Tucker and Hendrickson were frank enough to acknowledge that, pace Paul Kennedy, the “peril” was not actually “to the nation’s purse” or even to “our interests” but to the nation’s “soul.” This has always been the core critique of expansive American foreign policy doctrines, from the time of the Founders to the present — not that a policy of extensive global involvement is necessarily impractical but that it is immoral and contrary to the nation’s true ideals.

Today this alleged profligacy in the use of force is variously attributed to the influence of “neoconservatives” or to those Mearsheimer calls the “liberal imperialists” of the Clinton administration, who have presumably now taken hold of the Obama administration as well. But the critics share a common premise: that if only the United States would return to a more “normal” approach to the world, intervening abroad far less frequently and eschewing efforts at “nation-building,” then this would allow the United States to cut back on the resources it expends on foreign policy.

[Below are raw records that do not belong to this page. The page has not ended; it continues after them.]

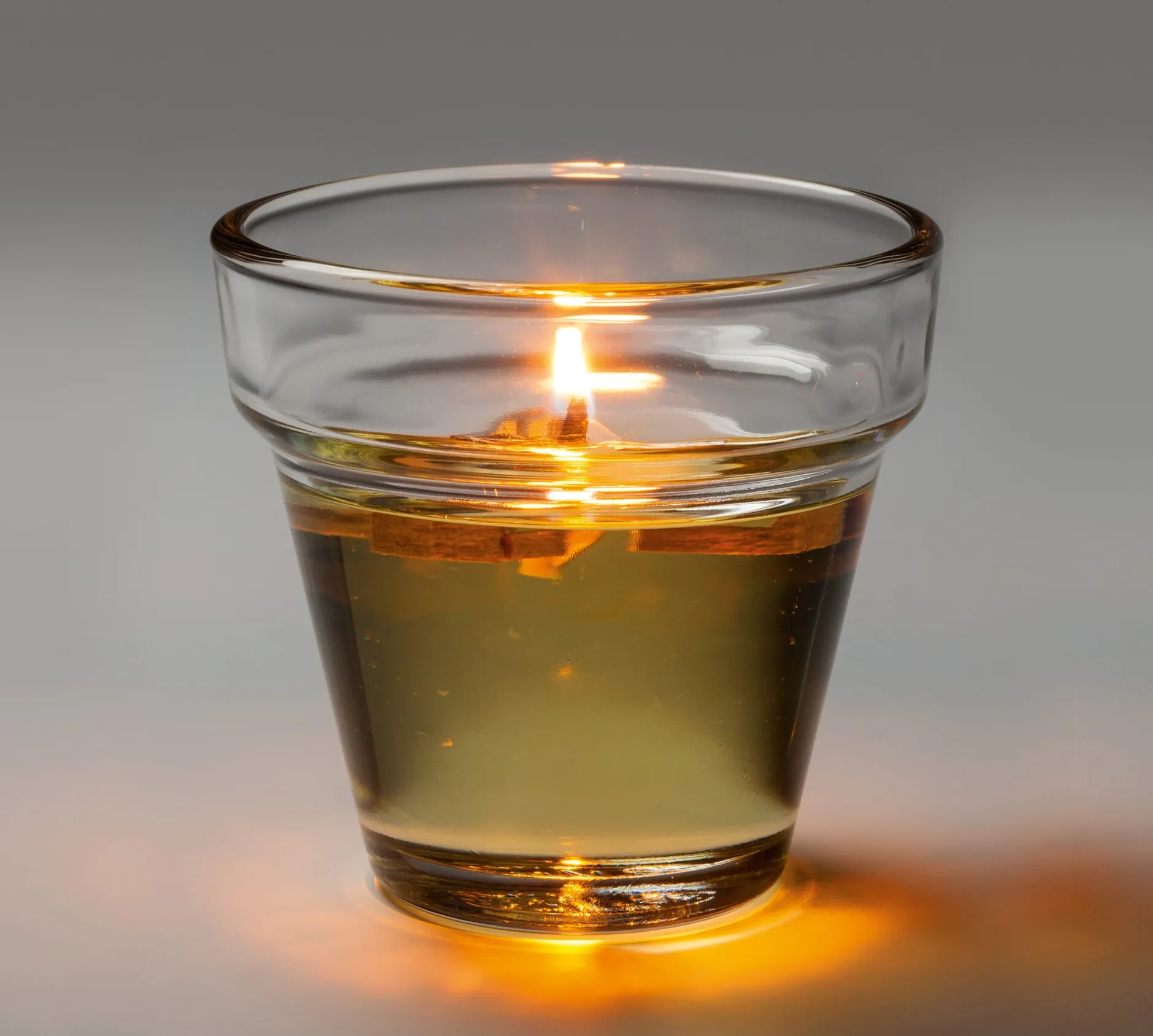Licht ist elementar: Schon die Schöpfung beginnt mit den Worten „Es werde Licht“, und das Zähmen des Feuers gilt als früheste Kulturleistung der Menschheit. Eine der ältesten künstlichen Lichtquellen ist das Öllicht, das sich nicht nur dank seines angenehmen Lichts bis in die Gegenwart erhalten hat. Populär ist es vor allem auch deshalb, weil es sich einfach – quasi mit Bordmitteln – herstellen lässt. Ein geeignetes Gefäß für das Öl findet sich in vielfältiger Form im häuslichen Bestand, denn letztlich eignet sich dafür jedes kleinere hitzebeständige Glas, das zudem nach dem Einsatz als Lichtgefäß (und anschließendem Abwasch) wieder seinem ursprünglichen Zweck in der Küche dienen kann. Ebenso vorhanden ist der Brennstoff in Form von Pflanzenöl. Dieses ist – anders als petroleumbasierte Lampenöle – nicht nur preiswert und ungiftig, es ist auch in der Handhabung denkbar ungefährlich, da es ohne zusätzlichen Docht nicht brennt. Selbst wenn also ein damit befeuertes Öllicht einmal umgestoßen wird, richtet es (abgesehen von einem Fettfleck) keinen Schaden an.
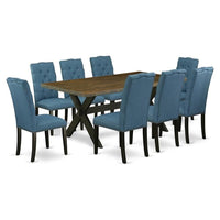 East West Furniture - X677El121-9 - 9-Piece Dining Setour Distinguished 9-Piece Set Comprises 8 Padded Chairs, Tastefully Adorned With Button Tufted Chair Backs, Representing A Seamless Fusion Of Modern Design And Traditional Elegance. The Rectangular Dining Table Features A Well-Proportioned Top And Sturdy Solid Wood Legs, Exuding An Air Of Refinement In Your Dining Area. These Upholstered Dining Chairs And The Accompanying Dining Table Are Versatile Pieces That Effortlessly Harmonize With Diverse Decor Themes. Our Exceptional Dining Table Showcases A Distressed Jacobean Rectangular Tabletop Impeccably Paired With Wire Brushed Black Wooden Legs. The Parsons Dining Room Chairs Are Enriched With Mineral Blue Linen Fabric Upholstery And Wire Brushed Black Wooden Legs, Striking A Perfect Balance Between Comfort And Style. The Kitchen Table Set Ensures A Comfortable Dining Experience With Its Cushioned Chair Seats And Padded Backrest. Crafted From High-Quality Asian Wood, Particularly Renowned As Rubberwood, This Rectangular Table And Its Accompanying Modern Dining Chairs Exemplify Exceptional Craftsmanship. The Solid Wood Leg Chairs Are Constructed With Top-Tier Materials, Featuring A Solid Wood Structure With An Impressive Weight Capacity Of 300Lb. The Asian Wood Framework Of Our Dining Chairs Provides Robust Support, Accommodating Up To 300Lb, While The Easily Maintained Upholstered Linen Fabric Seats Are Perfect For Everyday Use.Product Features: Color Of Modern Dining Chairs Seat: Mineral Blue Color Of Kitchen Table Top: Distressed Jacobean Color Of Kitchen Table Base: Wire Brushed Black Parson Chairs Legs Color: Wire Brushed Black Dining Table Dimensions: Length: 72; Width: 40; Height: 30 Dining Chairs Dimensions: Length: 24.5; Width: 19; Height: 40.5.Package Includes: 8 Dining Chairs And A Rectangular Table.
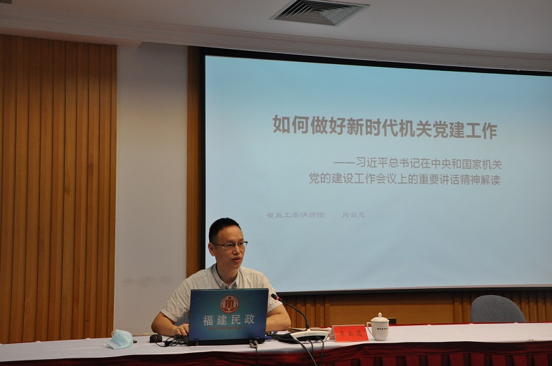为深入学习贯彻习近平新时代中国特色社会主义思想,落实习近平总书记在中央和国家机关党的建设工作会议上的重要讲话精神,不断提升机关基层党组织政治功能和组织力,推动模范机关创建工作,9月2日至4日,省民政厅在福州举办党务干部培训班。厅机关及直属单位各党支部书记、副书记、委员、党建联络员、机关党办工作人员和榕外单位党支部负责人共计60余人参加培训。

Thanks to Haass’s clever formulation, there has been a great deal of talk lately about “wars of choice” as opposed to “wars of necessity.” Haass labels both the war in Iraq and the war in Afghanistan “wars of choice.” Today, many ask whether the United States can simply avoid such allegedly optional interventions in the future, as well as the occupations and exercises in “nation-building” that often seem to follow.

Although the idea of eliminating “wars of choice” appears sensible, the historical record suggests it will not be as simple as many think. The problem is, almost every war or intervention the United States has engaged in throughout its history has been optional — and not just the Bosnias, Haitis, Somalias, or Vietnams, but the Korean War, the Spanish-American War, World War I, and even World War II (at least the war in Europe), not to mention the many armed interventions throughout Latin America and the Caribbean over the course of the past century, from Cuba in 1898 to Panama in 1989. A case can be made, and has been made by serious historians, that every one of these wars and interventions was avoidable and unnecessary. To note that our most recent wars have also been wars of choice, therefore, is not as useful as it seems.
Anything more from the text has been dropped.